▸ What is needed
The records should be repeated word for word, pictures excluded.

*** The input ***

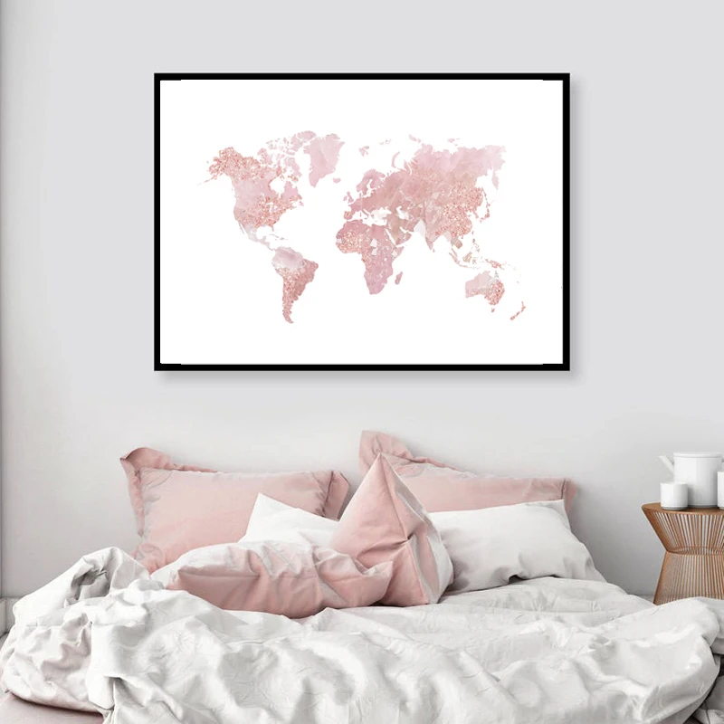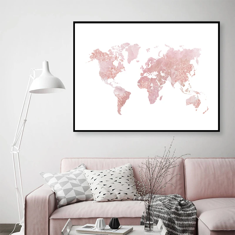 Румяна розовая карта мира Печать на холсте плакат минималистская Настенная картина на холсте картина в скандинавском стиле гостиная настенное украшение
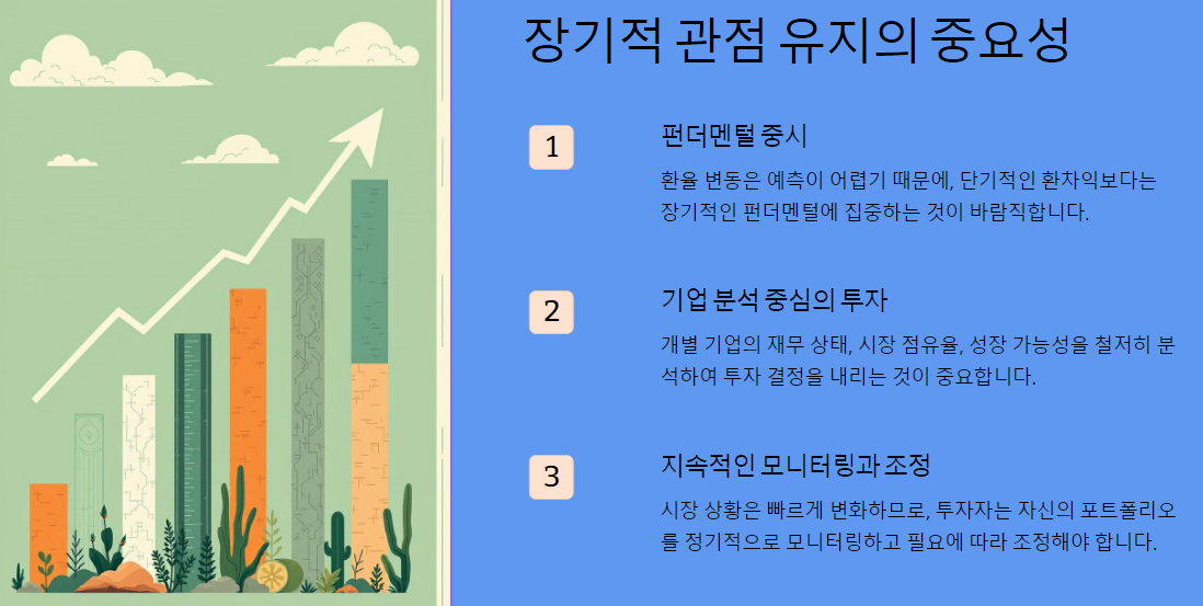 환율 변동은 예측이 어렵기 때문에, 단기적인 환차익보다는 장기적인 펀더멘털에 집중하는 것이 바람직합니다.
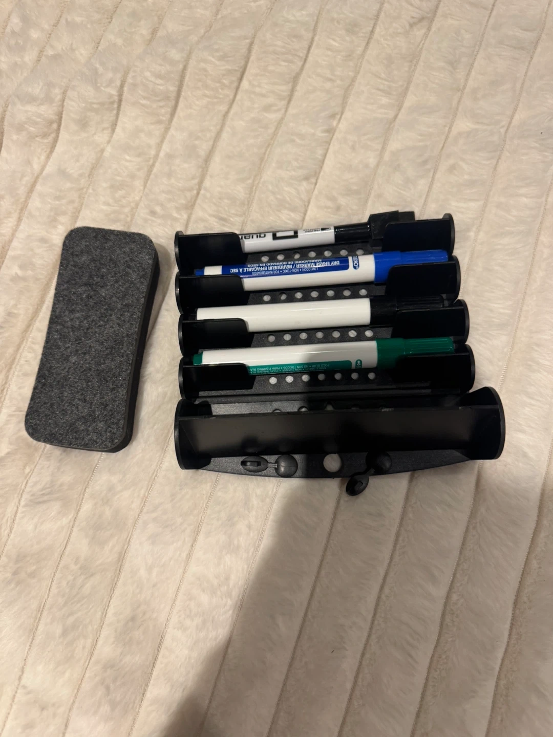 Selling a Quartet dry erase board! It comes with a set of dry erase markers and an eraser. Perfect for keeping track of your schedule or jotting down notes
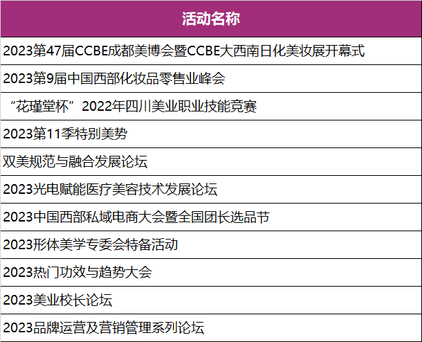 除了丰富且精细划分的展示区域外,CCBE组委会深知在过去一年美业人迫切想要破疫破局,重新回归“疫情前”的经营状况。为此,本届成都美博会我们特备了11场主题活动以及数十场展商自备的新品展示、技术打版、产品运营等活动。
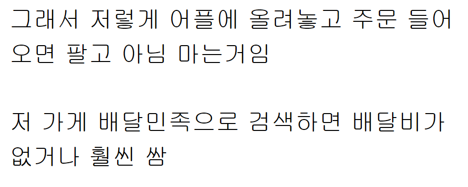 “헐.. 우리랑 화면 완전 다르네”…우리가 보는 화면이랑 완전 다른 배민 어플 ‘사장님’들이 보는 화면 “ 우리가 보는 화면이랑 완전 다른 배민 어플 가게 사장님들이 보는 화면 “ ADVERTISEMENT 배달의민족은 우아한형제들에서 운영하는 대한민국 배달 주문 서비스 브랜드명이다. 요즘 배달 문화가 매우 보편화되면서 많은 사람들이 이용하고 있는 서비스다. 그런데 최근 이와 관련된 글이 한 온라인 커뮤니티에 올라와 네티즌들의 이목이 집중되고 있다. ADVERTISEMENT [저작권자 VONVON/ 무단복사, 무단전재 및 재배포 금지 (위반 시 법적조치)]
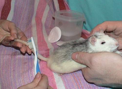 It is necessary to bathe rats in warm water. This is best done using shampoo. Sometimes a small brush can be used as a washcloth. Often before or after bathing the rat is cut off the claws.
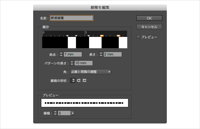 [線]パネルのパネルメニューから[線種]を選択して、[線種]ダイアログで[新規]ボタンをクリックすると、[新規線種]ダイアログが表示され、オリジナルの[線種]を作成することが可能となります
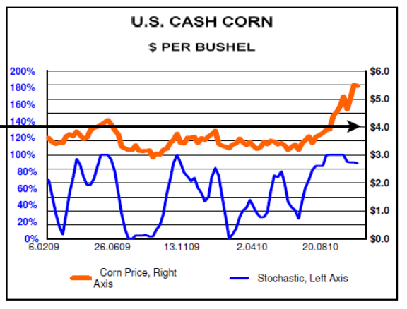 An integral part of the above dynamics is the price of corn, portrayed in the chart below. Corn is now operating in the price inelastic portion of the long-run supply curve. That implies two things. First, US$4 is the new floor for corn prices. Second, small increase in demand results in greater percentage increase in prices. As no new corn will be produced in North America till September 2011, price of corn can move far more than many expect. Given this situation, a forecast of $7 corn in late 2011 is neither bold nor unrealistic.
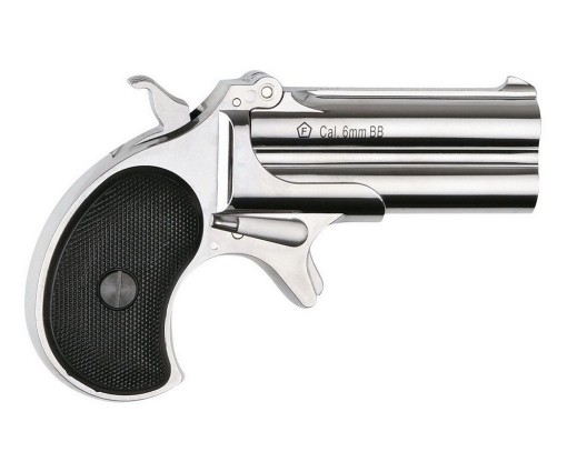 Страйкбольный пистолет ASG Marushin Derringer green gas (16915) – это миниатюрная модификация с оригинальным исполнением, копия американского Дабл Дерринджер Remington. Принцип действия этого экземпляра основан на работе газовых смесей. Заправка газом осуществляется через клапан в нижней части рукоятки.
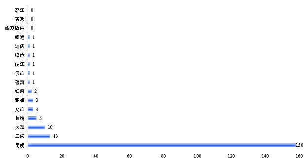 統(tǒng)計范圍內的200家環(huán)保企業(yè)地域分布高度集中,滇中城市群聚集了調查范圍內90.5%的企業(yè),共計181家,主要分布在昆明、玉溪、楚雄、曲靖四座城市,其中昆明環(huán)保企業(yè)158家,占統(tǒng)計企業(yè)總數的79.0%。
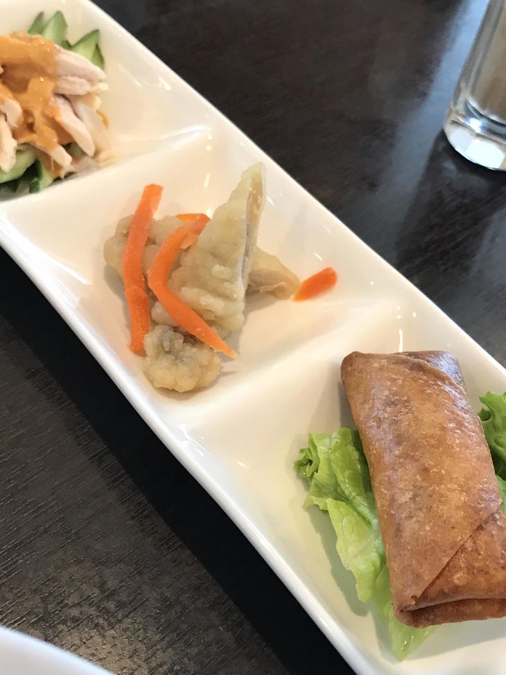 天心3種(棒棒鶏・アジの南蛮・春巻)
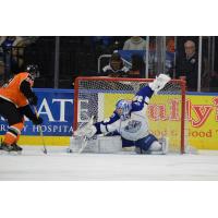Lehigh Valley Phantoms Goaltender Anthony Stolarz Stops the Onrushing Syracuse Crunch
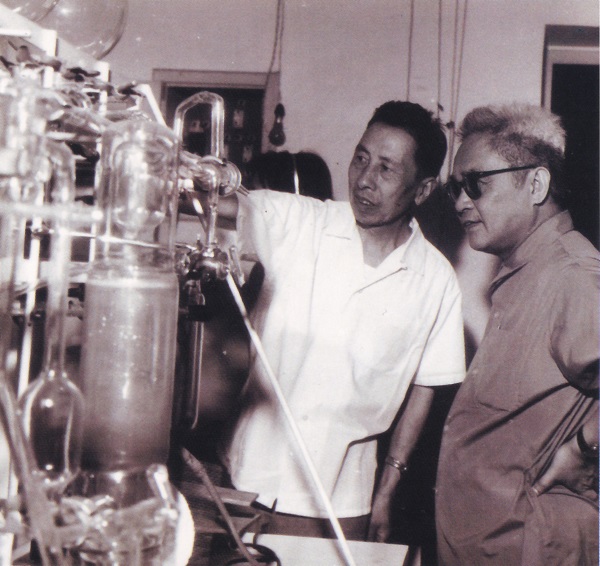 夏鼐(左)與外國(guó)學(xué)者參觀考古所的碳14實(shí)驗(yàn)室。資料圖
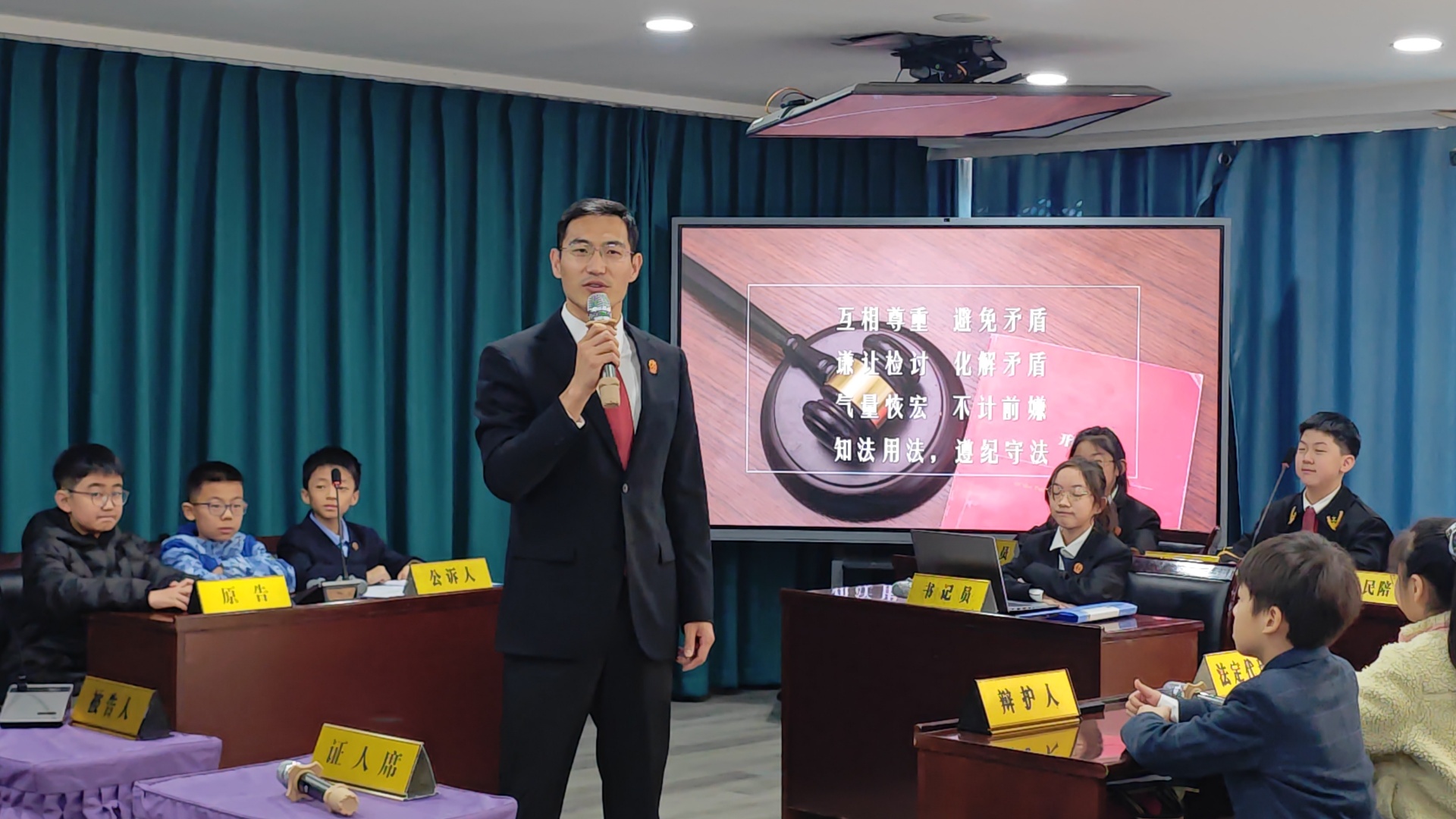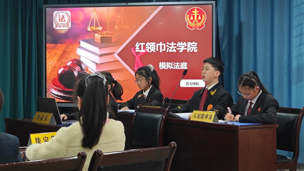 法治教育主题环节通过“红领巾法学院”庭审全过程呈现。李颜妮老师和五年级七班学生以“模拟法庭——未成年人盗窃案”为载体,完整还原法庭调查、辩论、宣判等流程。雁塔法院法官逯如碧亲临现场进行专业点评,对同学们精准演绎各庭审环节、具象化呈现法律权威与尊严的表现给予高度赞赏,并叮嘱同学们将规则意识内化于心、外化于行,坚守法律底线、守护自身权益。
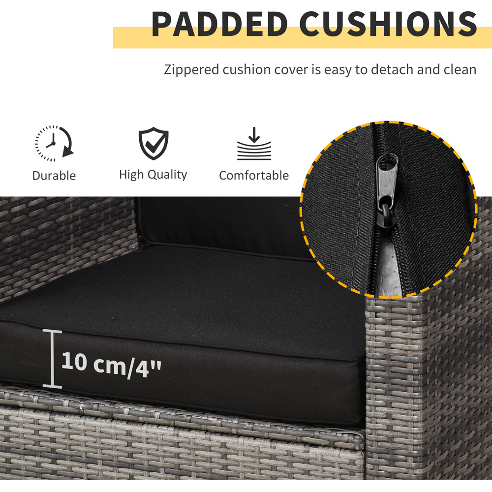 Feel the comfort while you relax with the Outsunny Two Seater Rattan Bistro Set. This grey set includes two armchairs and a matching table with a thick tempered glass top. This set features strong metal frames covered with PE rattan wicker making it sturdy and durable. The cosy padded seats and back cushions provide ultimate comfort for relaxation purposes. Protect your garden furniture with our durable and waterproof covers. Explore our wide range of heavy-duty Garden Furniture covers to find the perfect fit for your needs.
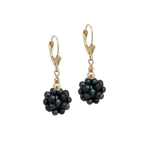 • 14K Yellow Gold Genuine Ball Freshwater Pearl Leverback Earrings
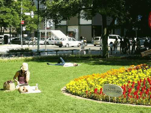 昼間、大通り公園でTシャツとパンツ一丁で芝生のところに思いっきり寝てるやつがいた。すぐ横にズボンを脱ぎ捨てていた。長い間ぜんぜん動かない。その格好はワザとやっているかと思ったが、そいつが急におきたと思ったら苦笑した。で恥ずかしそうにジーンズをはきだした。昨日飲みすぎて、ここにたどり着き。ここを家だと勘違いしてズボンを脱いでしまったのだろうか。寝方も日向ぼっこをするような寝方ではなかった。ここはいろんなひとがいるなあ。札幌の憩いの場だね。この公園には芋やとうもろこしが売っている。

*** End of The input ***

▸ Exercise result
 Румяна розовая карта мира Печать на холсте плакат минималистская Настенная картина на холсте картина в скандинавском стиле гостиная настенное украшение
 환율 변동은 예측이 어렵기 때문에, 단기적인 환차익보다는 장기적인 펀더멘털에 집중하는 것이 바람직합니다.
 Selling a Quartet dry erase board! It comes with a set of dry erase markers and an eraser. Perfect for keeping track of your schedule or jotting down notes
 除了丰富且精细划分的展示区域外,CCBE组委会深知在过去一年美业人迫切想要破疫破局,重新回归“疫情前”的经营状况。为此,本届成都美博会我们特备了11场主题活动以及数十场展商自备的新品展示、技术打版、产品运营等活动。
 “헐.. 우리랑 화면 완전 다르네”…우리가 보는 화면이랑 완전 다른 배민 어플 ‘사장님’들이 보는 화면 “ 우리가 보는 화면이랑 완전 다른 배민 어플 가게 사장님들이 보는 화면 “ ADVERTISEMENT 배달의민족은 우아한형제들에서 운영하는 대한민국 배달 주문 서비스 브랜드명이다. 요즘 배달 문화가 매우 보편화되면서 많은 사람들이 이용하고 있는 서비스다. 그런데 최근 이와 관련된 글이 한 온라인 커뮤니티에 올라와 네티즌들의 이목이 집중되고 있다. ADVERTISEMENT [저작권자 VONVON/ 무단복사, 무단전재 및 재배포 금지 (위반 시 법적조치)]
 It is necessary to bathe rats in warm water. This is best done using shampoo. Sometimes a small brush can be used as a washcloth. Often before or after bathing the rat is cut off the claws.
 [線]パネルのパネルメニューから[線種]を選択して、[線種]ダイアログで[新規]ボタンをクリックすると、[新規線種]ダイアログが表示され、オリジナルの[線種]を作成することが可能となります
 An integral part of the above dynamics is the price of corn, portrayed in the chart below. Corn is now operating in the price inelastic portion of the long-run supply curve. That implies two things. First, US$4 is the new floor for corn prices. Second, small increase in demand results in greater percentage increase in prices. As no new corn will be produced in North America till September 2011, price of corn can move far more than many expect. Given this situation, a forecast of $7 corn in late 2011 is neither bold nor unrealistic.
 Страйкбольный пистолет ASG Marushin Derringer green gas (16915) – это миниатюрная модификация с оригинальным исполнением, копия американского Дабл Дерринджер Remington. Принцип действия этого экземпляра основан на работе газовых смесей. Заправка газом осуществляется через клапан в нижней части рукоятки.
 統(tǒng)計范圍內的200家環(huán)保企業(yè)地域分布高度集中,滇中城市群聚集了調查范圍內90.5%的企業(yè),共計181家,主要分布在昆明、玉溪、楚雄、曲靖四座城市,其中昆明環(huán)保企業(yè)158家,占統(tǒng)計企業(yè)總數的79.0%。
 天心3種(棒棒鶏・アジの南蛮・春巻)
Lehigh Valley Phantoms Goaltender Anthony Stolarz Stops the Onrushing Syracuse Crunch
 夏鼐(左)與外國(guó)學(xué)者參觀考古所的碳14實(shí)驗(yàn)室。資料圖
 法治教育主题环节通过“红领巾法学院”庭审全过程呈现。李颜妮老师和五年级七班学生以“模拟法庭——未成年人盗窃案”为载体,完整还原法庭调查、辩论、宣判等流程。雁塔法院法官逯如碧亲临现场进行专业点评,对同学们精准演绎各庭审环节、具象化呈现法律权威与尊严的表现给予高度赞赏,并叮嘱同学们将规则意识内化于心、外化于行,坚守法律底线、守护自身权益。
 Feel the comfort while you relax with the Outsunny Two Seater Rattan Bistro Set. This grey set includes two armchairs and a matching table with a thick tempered glass top. This set features strong metal frames covered with PE rattan wicker making it sturdy and durable. The cosy padded seats and back cushions provide ultimate comfort for relaxation purposes. Protect your garden furniture with our durable and waterproof covers. Explore our wide range of heavy-duty Garden Furniture covers to find the perfect fit for your needs.
 • 14K Yellow Gold Genuine Ball Freshwater Pearl Leverback Earrings
 昼間、大通り公園でTシャツとパンツ一丁で芝生のところに思いっきり寝てるやつがいた。すぐ横にズボンを脱ぎ捨てていた。長い間ぜんぜん動かない。その格好はワザとやっているかと思ったが、そいつが急におきたと思ったら苦笑した。で恥ずかしそうにジーンズをはきだした。昨日飲みすぎて、ここにたどり着き。ここを家だと勘違いしてズボンを脱いでしまったのだろうか。寝方も日向ぼっこをするような寝方ではなかった。ここはいろんなひとがいるなあ。札幌の憩いの場だね。この公園には芋やとうもろこしが売っている。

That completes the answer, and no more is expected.